Supplied entries

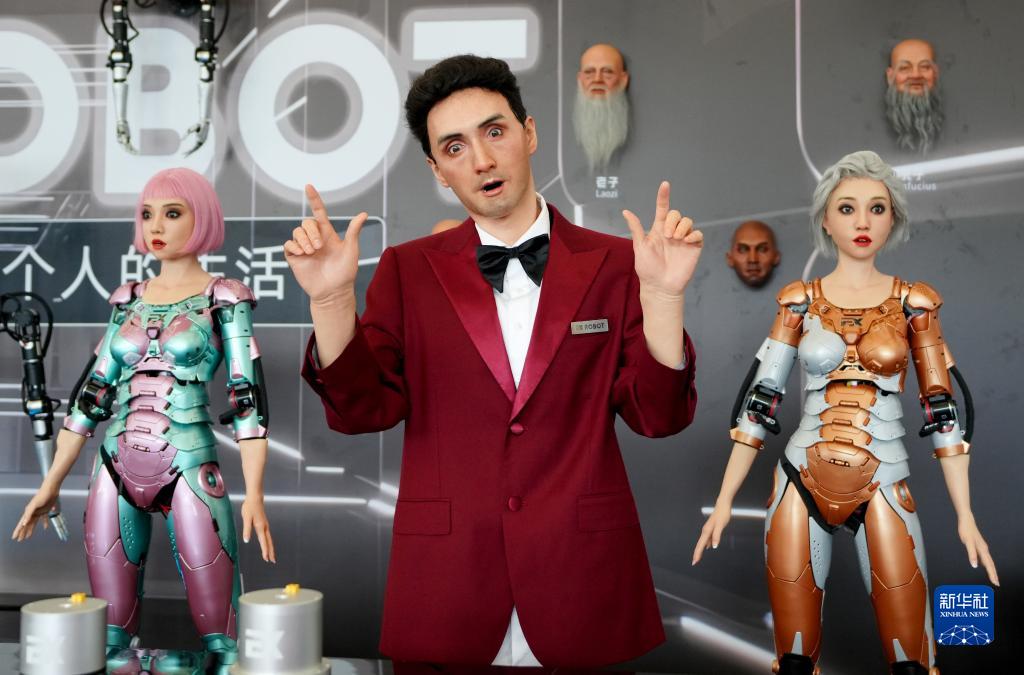 8月16日,仿生人形機器人在進行表演。
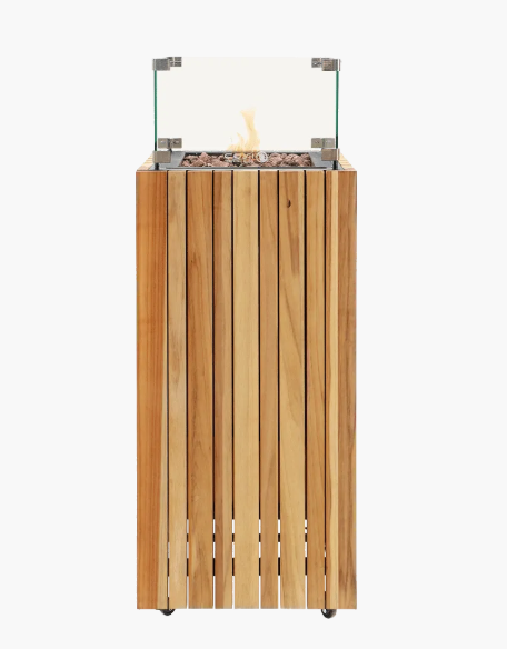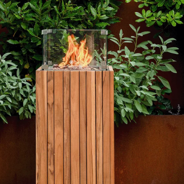 Cu Cosipillar Square teak, ai un adevărat punct de atracție în grădină, pe terasă sau sub verandă! Acest șemineu pe gaz, în formă de stâlp, are un corp realizat din lemn de teak și o culoare frumoasă, brun-aurie. Flacăra oferă o căldură plăcută de până la 4 kW.
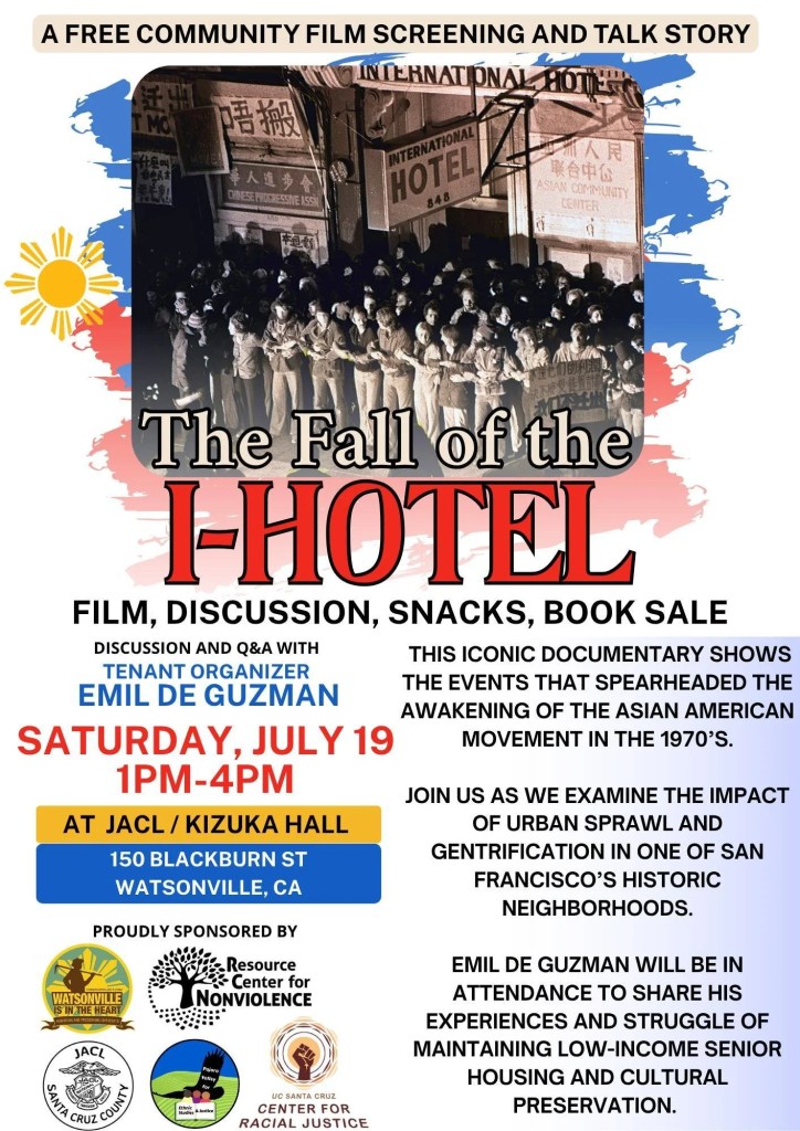 This iconic documentary shows the events that spearheaded the awakening of the Asian American movement in the 1970’s. Join us as we examine the impact of urban sprawl and gentrification in one of San Francisco’s historic neighborhoods. Emil De Guzman will be in attendance to share his experiences and struggle of maintaining low-income senior housing and cultural preservation.
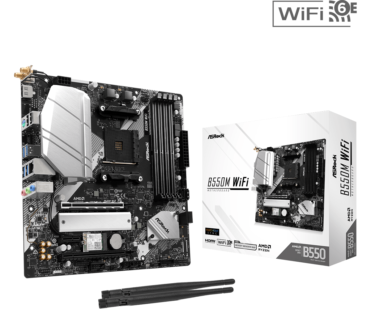 B550M WiFi¡¡¤Ï802.11axe Wi-Fi 6E ¥â¥¸¥å¡¼¥ëÅëºÜ¤ÎAMD B550¥Á¥Ã¥×¥»¥Ã¥È¥Þ¥¶¡¼¥Ü¡¼¥É¡£
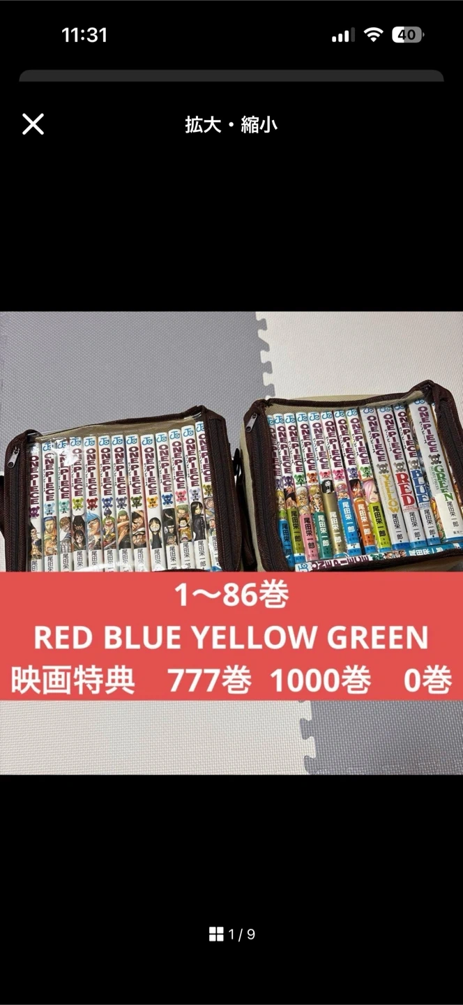 ONE PIECE 漫画セット 1〜86巻 RED BLUE YELLOW GREEN 映画特典 777巻 1000巻 0巻 巻によってはヤケ等がありますが読むのに支障はありません。 中古品にご理解あるかたご購入お願い致します。
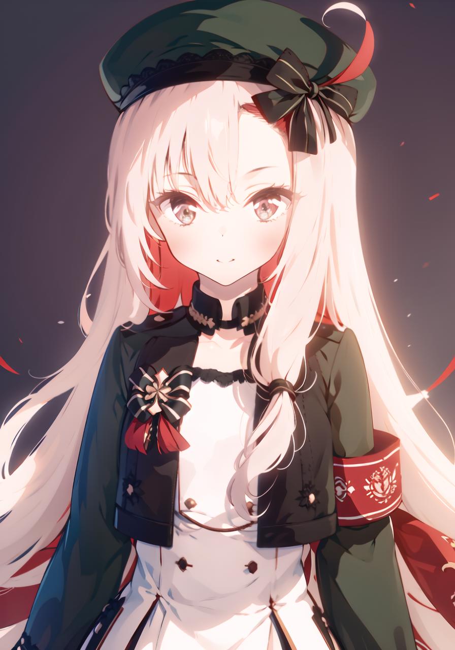 与她的妹妹西南风类似,这个LoRA的关键词为maestrale \(azur lane\), multicolored hair, white_hair, red_hair, bangs, red_eyes, very_long_hair, open_jacket, beret, cropped_jacket, green_jacket, green_headwear, long_sleeves, hair_bow, stripped_bow, strapless dress, white_dress, knee boots, black_thighhighs, detached_collar, armband
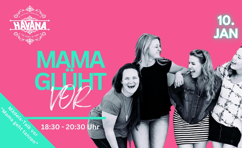 Damit der 💄GIRLS-TALK💄und die perfekte Einstimmung nicht zu kurz kommen, starten wir im HAVANA für die Frühstarter-Mums schon um 18.30 Uhr mit "Mama glüht vor"!
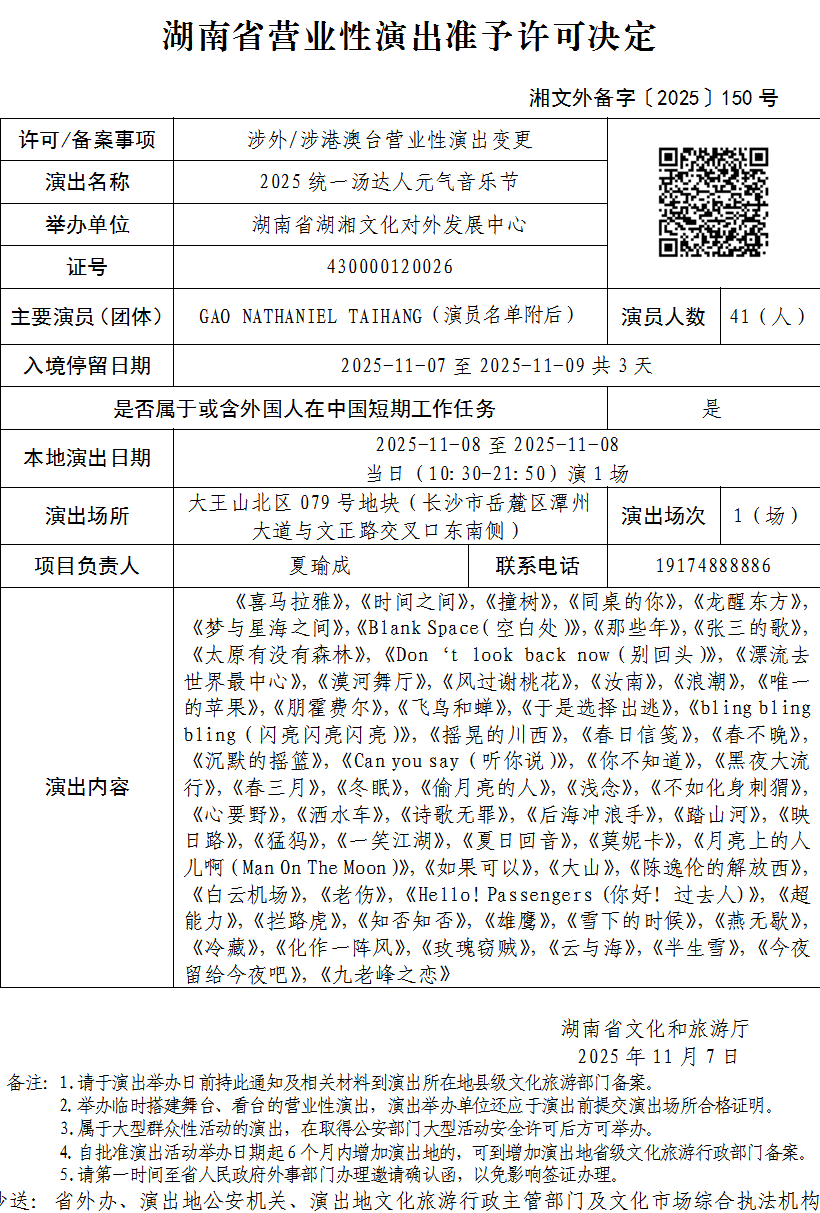 湖南省營業性演出準予許可決定-湘文外備字〔2025〕150號

Aim of the exercise
Could you transcribe exactly the entries above, but only the lines from the one with "B550M WiFi¡¡¤Ï802.11axe Wi-Fi" through the one with "ONE PIECE 漫画セット", and without pictures?

Solution to the problem
 B550M WiFi¡¡¤Ï802.11axe Wi-Fi 6E ¥â¥¸¥å¡¼¥ëÅëºÜ¤ÎAMD B550¥Á¥Ã¥×¥»¥Ã¥È¥Þ¥¶¡¼¥Ü¡¼¥É¡£
 ONE PIECE 漫画セット 1〜86巻 RED BLUE YELLOW GREEN 映画特典 777巻 1000巻 0巻 巻によってはヤケ等がありますが読むのに支障はありません。 中古品にご理解あるかたご購入お願い致します。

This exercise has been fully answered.